* **WHAT IS REQUIRED**
Below are lines of data, and only some are wanted. Please repeat exactly those from the line that has "และศิลปินพันหน้า ซ่าส์ หมาว้อ" through the line that has "Gabriel Araya Grandón".

* **INFORMATION PROVIDED**
= = = = =

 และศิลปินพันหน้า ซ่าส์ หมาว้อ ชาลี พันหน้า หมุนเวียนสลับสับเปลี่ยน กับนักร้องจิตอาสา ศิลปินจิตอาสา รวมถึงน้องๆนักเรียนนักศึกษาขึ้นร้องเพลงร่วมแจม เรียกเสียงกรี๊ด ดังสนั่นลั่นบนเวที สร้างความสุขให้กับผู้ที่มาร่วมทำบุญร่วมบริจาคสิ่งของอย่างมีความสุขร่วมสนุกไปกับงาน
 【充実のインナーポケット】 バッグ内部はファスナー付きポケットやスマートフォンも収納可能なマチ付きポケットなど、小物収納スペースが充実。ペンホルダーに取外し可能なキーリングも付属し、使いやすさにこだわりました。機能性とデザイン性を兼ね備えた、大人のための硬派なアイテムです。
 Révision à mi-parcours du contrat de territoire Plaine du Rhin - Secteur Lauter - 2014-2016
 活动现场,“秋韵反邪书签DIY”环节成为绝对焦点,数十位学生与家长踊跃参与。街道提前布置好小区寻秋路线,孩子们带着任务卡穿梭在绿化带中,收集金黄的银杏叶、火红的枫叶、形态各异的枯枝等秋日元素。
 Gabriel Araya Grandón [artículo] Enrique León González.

= = = = =

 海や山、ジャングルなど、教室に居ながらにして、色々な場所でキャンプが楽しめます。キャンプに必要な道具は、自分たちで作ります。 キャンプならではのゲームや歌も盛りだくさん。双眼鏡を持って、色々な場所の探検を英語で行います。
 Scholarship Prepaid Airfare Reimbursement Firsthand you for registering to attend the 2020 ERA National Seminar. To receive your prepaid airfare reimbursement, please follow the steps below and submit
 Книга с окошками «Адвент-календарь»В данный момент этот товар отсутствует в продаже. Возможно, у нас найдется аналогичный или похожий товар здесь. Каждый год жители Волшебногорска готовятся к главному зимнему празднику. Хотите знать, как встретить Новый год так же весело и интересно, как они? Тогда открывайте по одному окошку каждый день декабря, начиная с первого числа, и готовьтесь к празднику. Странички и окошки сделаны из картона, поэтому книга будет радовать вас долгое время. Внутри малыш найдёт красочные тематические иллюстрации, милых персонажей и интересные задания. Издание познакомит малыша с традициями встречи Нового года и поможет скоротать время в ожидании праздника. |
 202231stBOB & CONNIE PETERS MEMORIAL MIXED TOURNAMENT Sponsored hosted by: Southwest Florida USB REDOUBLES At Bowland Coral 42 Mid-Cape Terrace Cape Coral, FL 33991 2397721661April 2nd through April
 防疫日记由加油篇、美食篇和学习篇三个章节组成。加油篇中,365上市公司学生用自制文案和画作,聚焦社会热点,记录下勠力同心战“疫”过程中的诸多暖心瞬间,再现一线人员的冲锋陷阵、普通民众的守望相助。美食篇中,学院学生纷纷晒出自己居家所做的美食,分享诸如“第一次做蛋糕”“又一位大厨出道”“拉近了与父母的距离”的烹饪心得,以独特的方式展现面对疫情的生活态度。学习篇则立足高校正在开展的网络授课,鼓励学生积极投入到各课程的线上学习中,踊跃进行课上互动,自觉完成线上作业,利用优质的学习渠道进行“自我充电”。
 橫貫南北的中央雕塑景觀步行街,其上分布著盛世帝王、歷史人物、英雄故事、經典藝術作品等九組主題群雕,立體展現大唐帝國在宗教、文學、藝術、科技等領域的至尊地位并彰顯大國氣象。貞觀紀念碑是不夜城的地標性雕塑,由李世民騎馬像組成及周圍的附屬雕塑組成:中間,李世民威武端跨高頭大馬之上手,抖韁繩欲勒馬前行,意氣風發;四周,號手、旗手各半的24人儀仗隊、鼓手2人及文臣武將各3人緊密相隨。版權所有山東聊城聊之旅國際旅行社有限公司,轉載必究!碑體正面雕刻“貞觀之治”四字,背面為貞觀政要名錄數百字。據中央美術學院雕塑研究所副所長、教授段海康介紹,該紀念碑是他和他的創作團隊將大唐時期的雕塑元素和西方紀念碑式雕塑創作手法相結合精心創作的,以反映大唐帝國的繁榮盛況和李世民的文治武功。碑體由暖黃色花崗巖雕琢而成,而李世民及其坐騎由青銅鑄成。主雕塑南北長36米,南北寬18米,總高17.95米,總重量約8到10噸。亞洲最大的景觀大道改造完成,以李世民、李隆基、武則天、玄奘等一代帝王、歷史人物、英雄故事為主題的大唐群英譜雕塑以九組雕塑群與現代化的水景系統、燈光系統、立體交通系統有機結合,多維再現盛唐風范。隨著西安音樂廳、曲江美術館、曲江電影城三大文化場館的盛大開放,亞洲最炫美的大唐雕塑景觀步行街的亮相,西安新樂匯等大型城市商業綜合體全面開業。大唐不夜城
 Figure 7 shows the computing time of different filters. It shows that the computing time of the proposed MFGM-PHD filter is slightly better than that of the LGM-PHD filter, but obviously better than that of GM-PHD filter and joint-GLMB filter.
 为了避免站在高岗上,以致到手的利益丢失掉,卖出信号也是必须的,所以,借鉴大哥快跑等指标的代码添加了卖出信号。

= = = = =

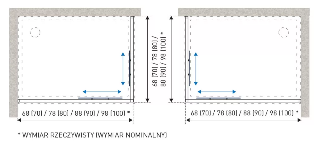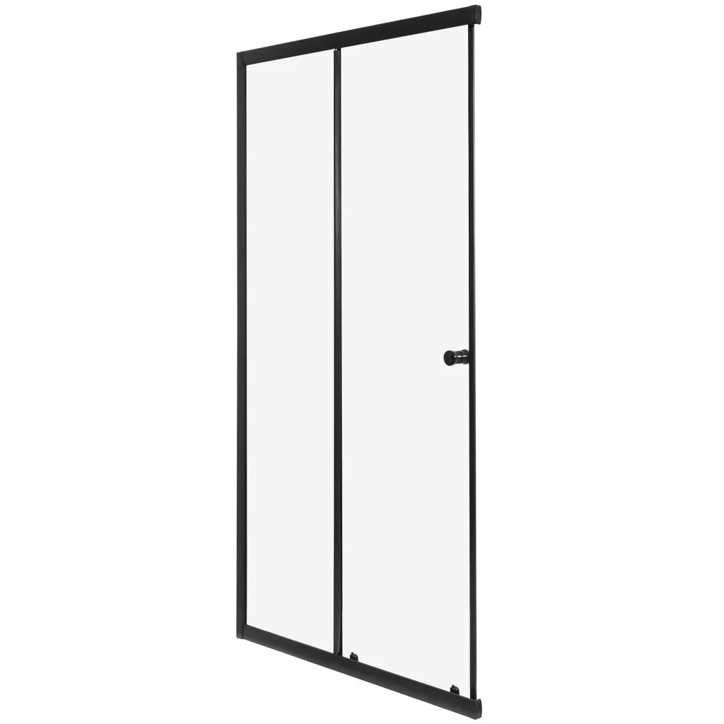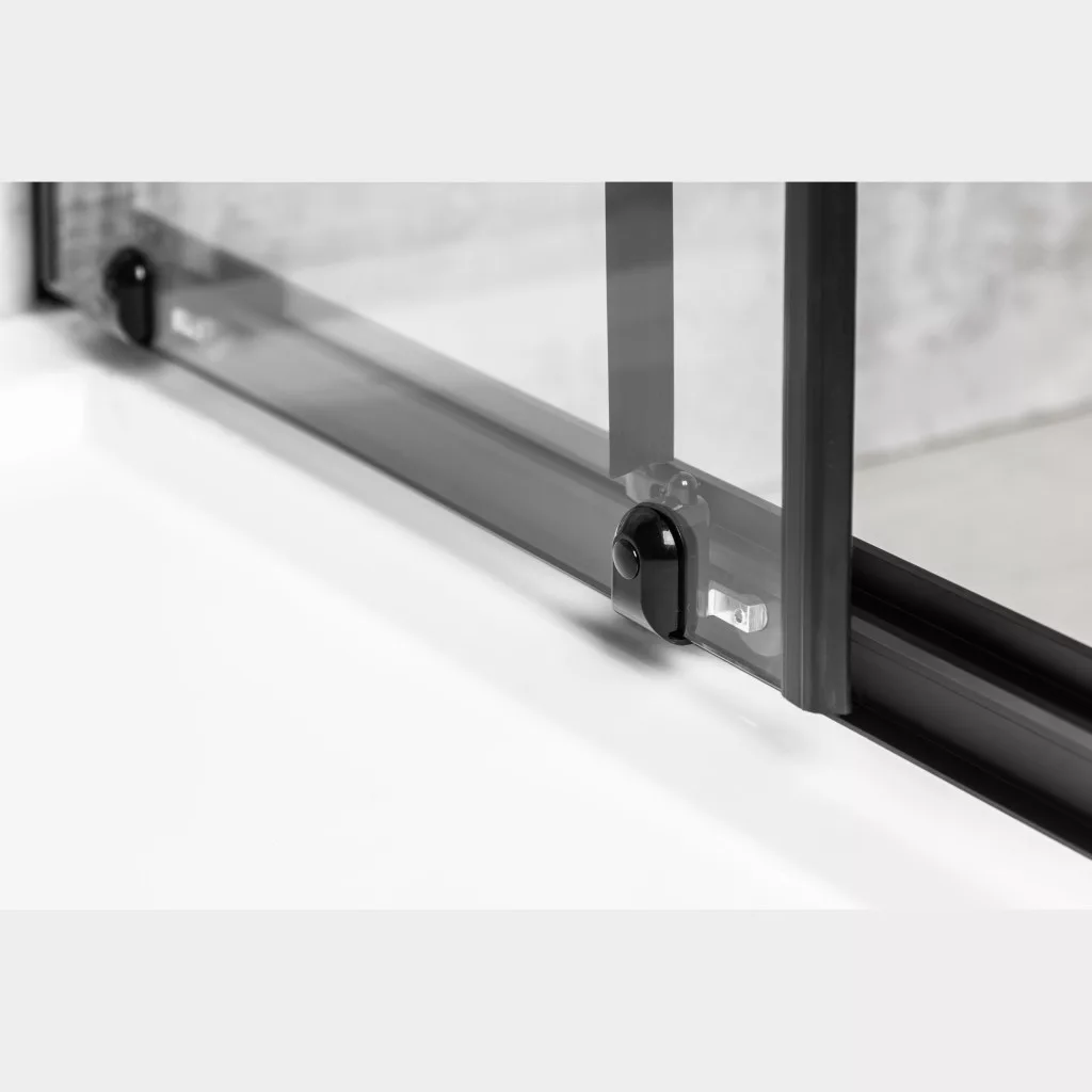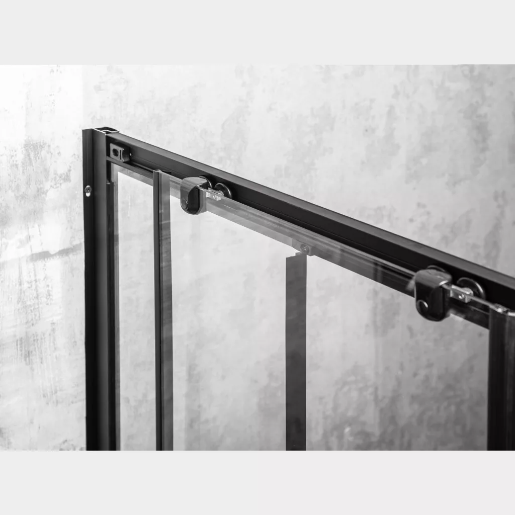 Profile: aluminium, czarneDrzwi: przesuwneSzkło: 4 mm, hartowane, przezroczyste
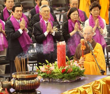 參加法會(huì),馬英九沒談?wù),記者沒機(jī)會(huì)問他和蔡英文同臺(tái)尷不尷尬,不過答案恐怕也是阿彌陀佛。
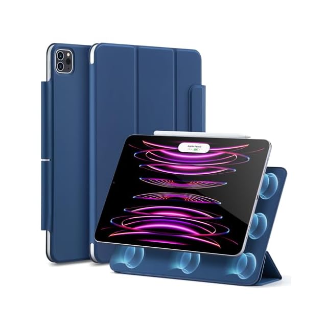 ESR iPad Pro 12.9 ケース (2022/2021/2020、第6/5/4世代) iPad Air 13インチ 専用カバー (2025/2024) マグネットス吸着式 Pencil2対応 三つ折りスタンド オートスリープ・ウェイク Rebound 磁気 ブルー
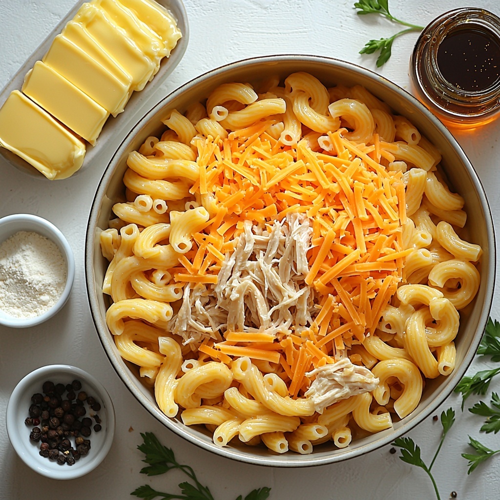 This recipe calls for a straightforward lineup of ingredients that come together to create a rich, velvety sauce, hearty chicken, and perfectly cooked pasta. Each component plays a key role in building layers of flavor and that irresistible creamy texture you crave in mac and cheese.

= = = = =

* **WRITTEN SOLUTION**
 และศิลปินพันหน้า ซ่าส์ หมาว้อ ชาลี พันหน้า หมุนเวียนสลับสับเปลี่ยน กับนักร้องจิตอาสา ศิลปินจิตอาสา รวมถึงน้องๆนักเรียนนักศึกษาขึ้นร้องเพลงร่วมแจม เรียกเสียงกรี๊ด ดังสนั่นลั่นบนเวที สร้างความสุขให้กับผู้ที่มาร่วมทำบุญร่วมบริจาคสิ่งของอย่างมีความสุขร่วมสนุกไปกับงาน
 【充実のインナーポケット】 バッグ内部はファスナー付きポケットやスマートフォンも収納可能なマチ付きポケットなど、小物収納スペースが充実。ペンホルダーに取外し可能なキーリングも付属し、使いやすさにこだわりました。機能性とデザイン性を兼ね備えた、大人のための硬派なアイテムです。
 Révision à mi-parcours du contrat de territoire Plaine du Rhin - Secteur Lauter - 2014-2016
 活动现场,“秋韵反邪书签DIY”环节成为绝对焦点,数十位学生与家长踊跃参与。街道提前布置好小区寻秋路线,孩子们带着任务卡穿梭在绿化带中,收集金黄的银杏叶、火红的枫叶、形态各异的枯枝等秋日元素。
 Gabriel Araya Grandón [artículo] Enrique León González.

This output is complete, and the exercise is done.